» Your instructions:
Only the lines from the start of the data to the line containing "Mattei- Müller (2003)", both included, should be output, exactly and without pictures.

» Data below:
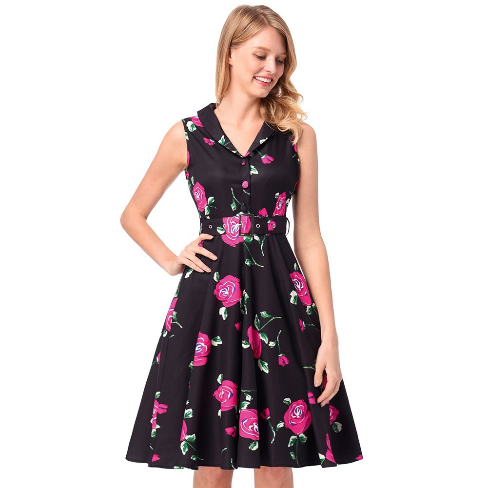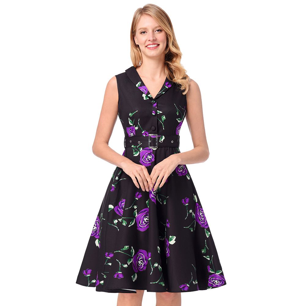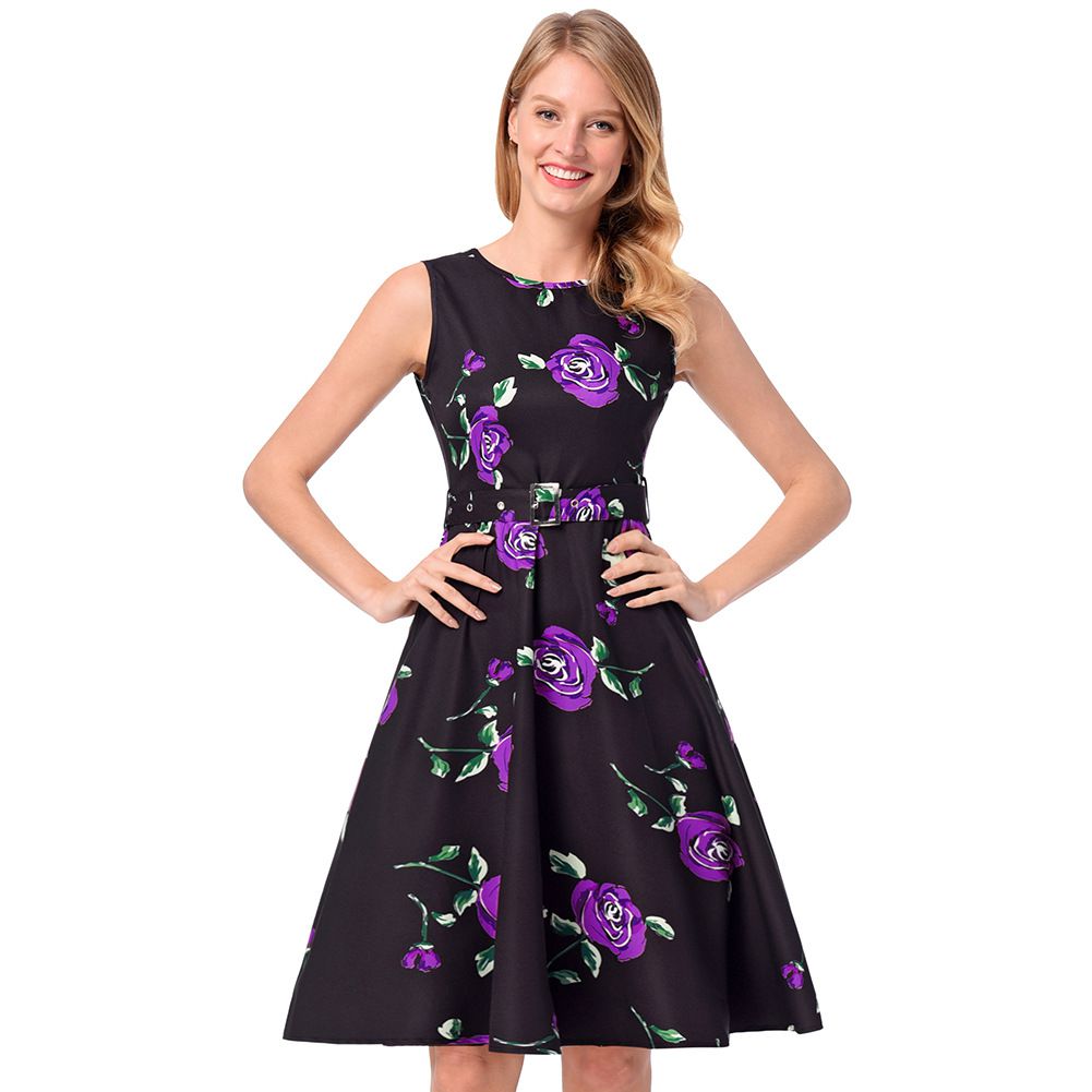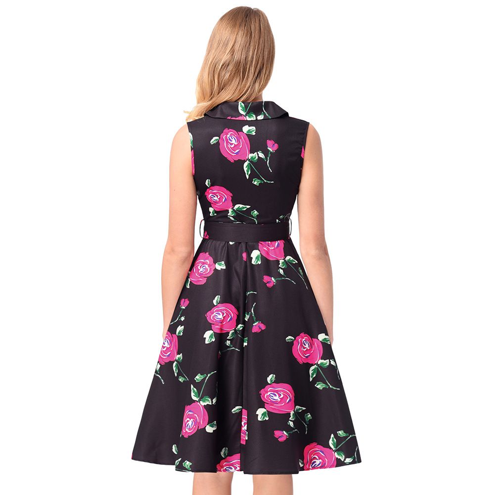 2025 spring and summer retro Hepburn style single-breasted with belt print dress
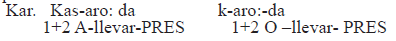 Mattei- Müller (2003) refiere los cambios fonológicos en cuanto a los prefijos del dual se han mantenido en Kariña, pero que han desaparecido en Mapoyo y Yawarana como en los ejem- plos que nos muestra:
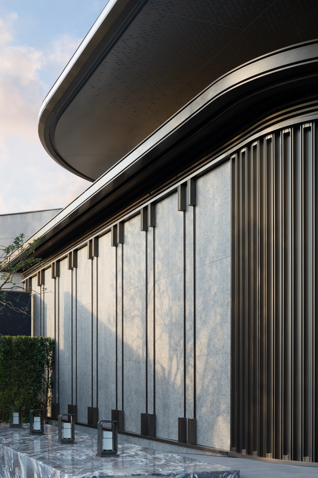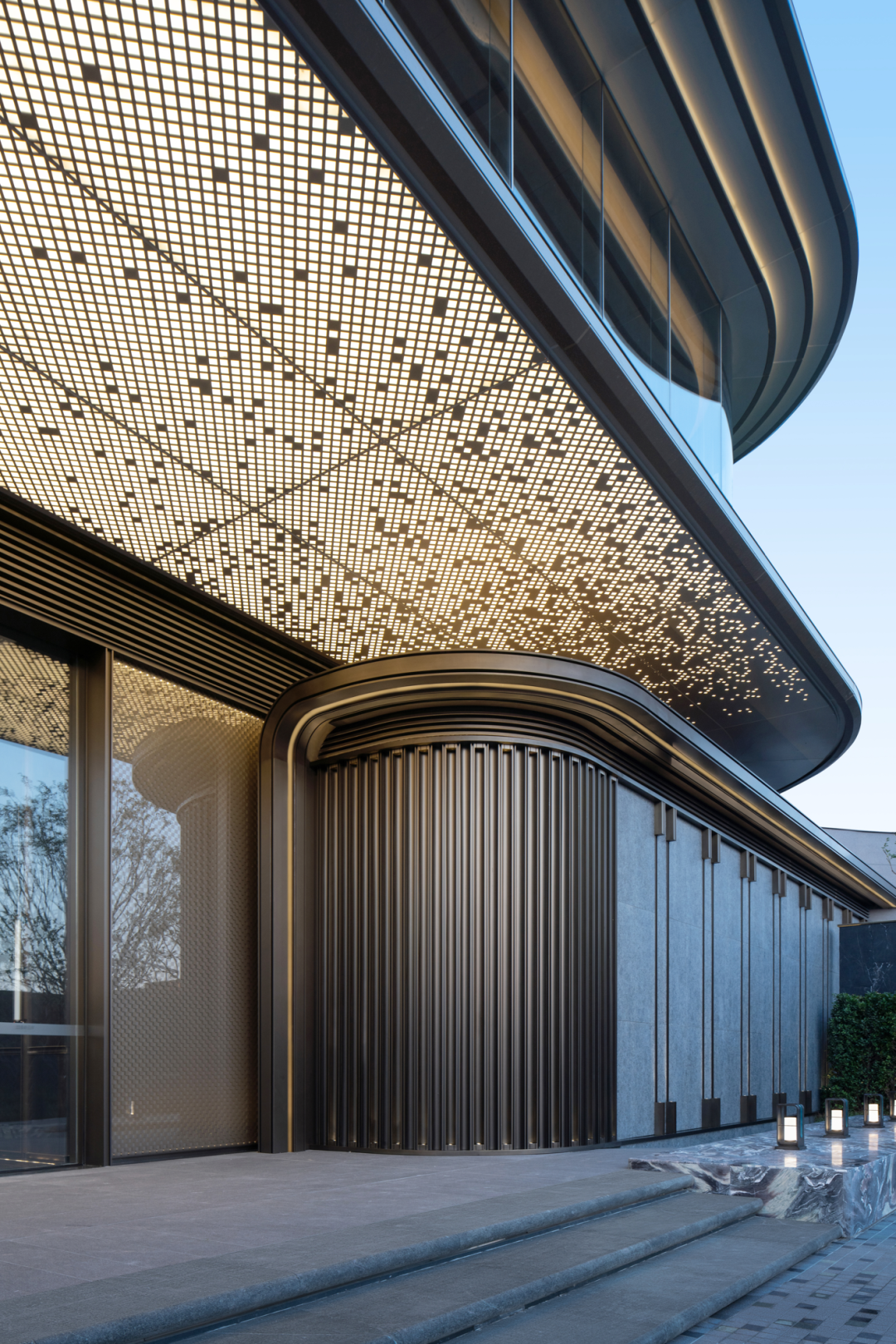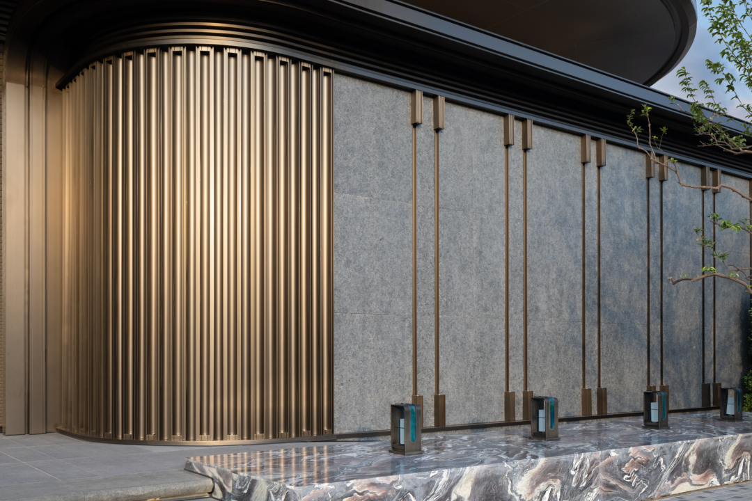入口立面造型相比于單純的無銹鋼的材質(zhì),石材與無銹鋼相結(jié)合,利用無銹鋼作為條形格柵,使其更精致,呈現(xiàn)效果更均質(zhì)。幕墻頂部的有懸挑近兩米,雙曲面弧形收口處理,也是細節(jié)難點。

» Written response:
 2025 spring and summer retro Hepburn style single-breasted with belt print dress
 Mattei- Müller (2003) refiere los cambios fonológicos en cuanto a los prefijos del dual se han mantenido en Kariña, pero que han desaparecido en Mapoyo y Yawarana como en los ejem- plos que nos muestra:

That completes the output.